• _ENTRIES SUPPLIED_

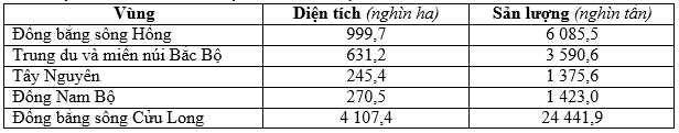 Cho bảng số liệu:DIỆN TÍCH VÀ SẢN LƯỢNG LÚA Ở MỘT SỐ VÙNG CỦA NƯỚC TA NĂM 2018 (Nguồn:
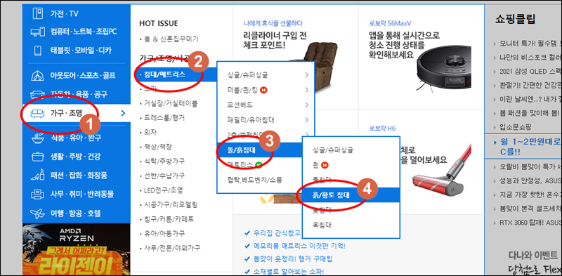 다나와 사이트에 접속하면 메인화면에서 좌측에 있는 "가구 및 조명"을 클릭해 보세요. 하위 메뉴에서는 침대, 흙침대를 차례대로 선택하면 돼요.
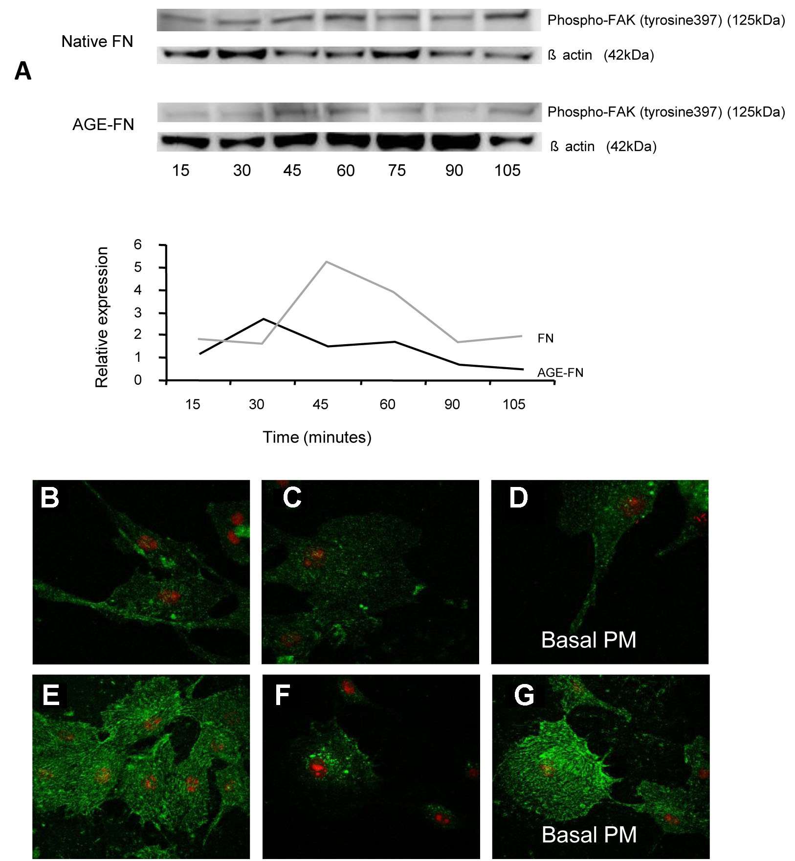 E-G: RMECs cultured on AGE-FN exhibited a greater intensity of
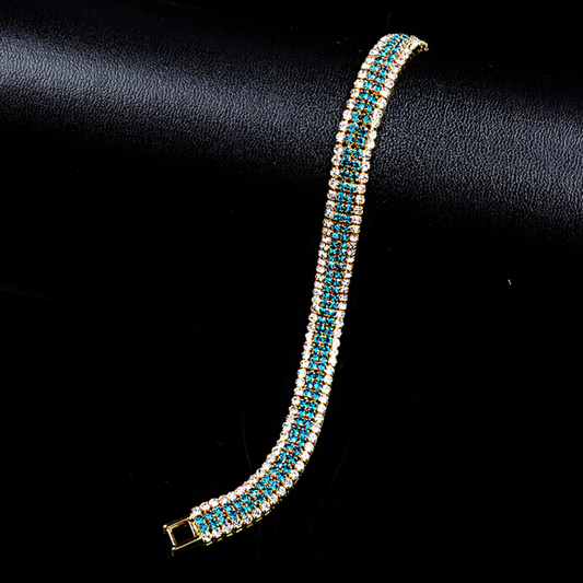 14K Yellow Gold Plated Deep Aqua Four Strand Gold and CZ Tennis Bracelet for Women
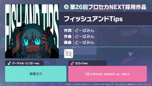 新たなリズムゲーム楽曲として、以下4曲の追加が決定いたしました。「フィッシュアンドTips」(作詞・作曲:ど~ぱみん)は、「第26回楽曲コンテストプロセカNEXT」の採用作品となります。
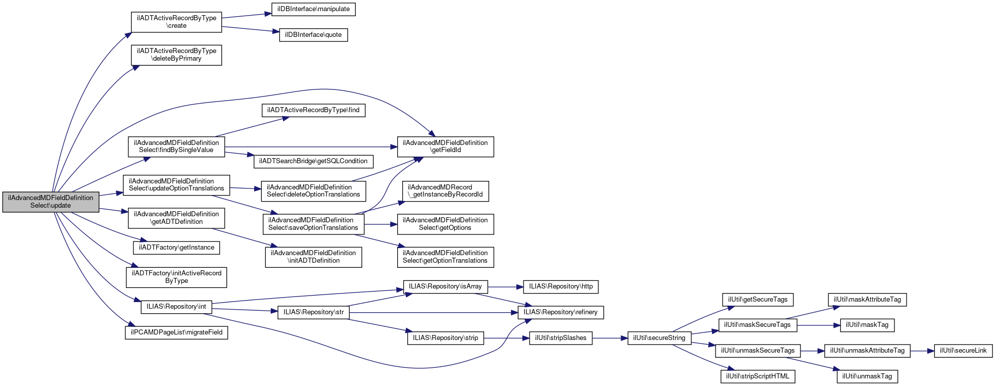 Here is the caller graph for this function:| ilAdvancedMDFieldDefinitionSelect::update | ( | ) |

• _WHAT YOU HAVE TO DO_
The lines to copy begin with the one containing "14K Yellow Gold" and end with the last line of the entries above; copy them exactly, minus the pictures.

• _ANSWER SECTION_
 14K Yellow Gold Plated Deep Aqua Four Strand Gold and CZ Tennis Bracelet for Women
 新たなリズムゲーム楽曲として、以下4曲の追加が決定いたしました。「フィッシュアンドTips」(作詞・作曲:ど~ぱみん)は、「第26回楽曲コンテストプロセカNEXT」の採用作品となります。
 Here is the caller graph for this function:| ilAdvancedMDFieldDefinitionSelect::update | ( | ) |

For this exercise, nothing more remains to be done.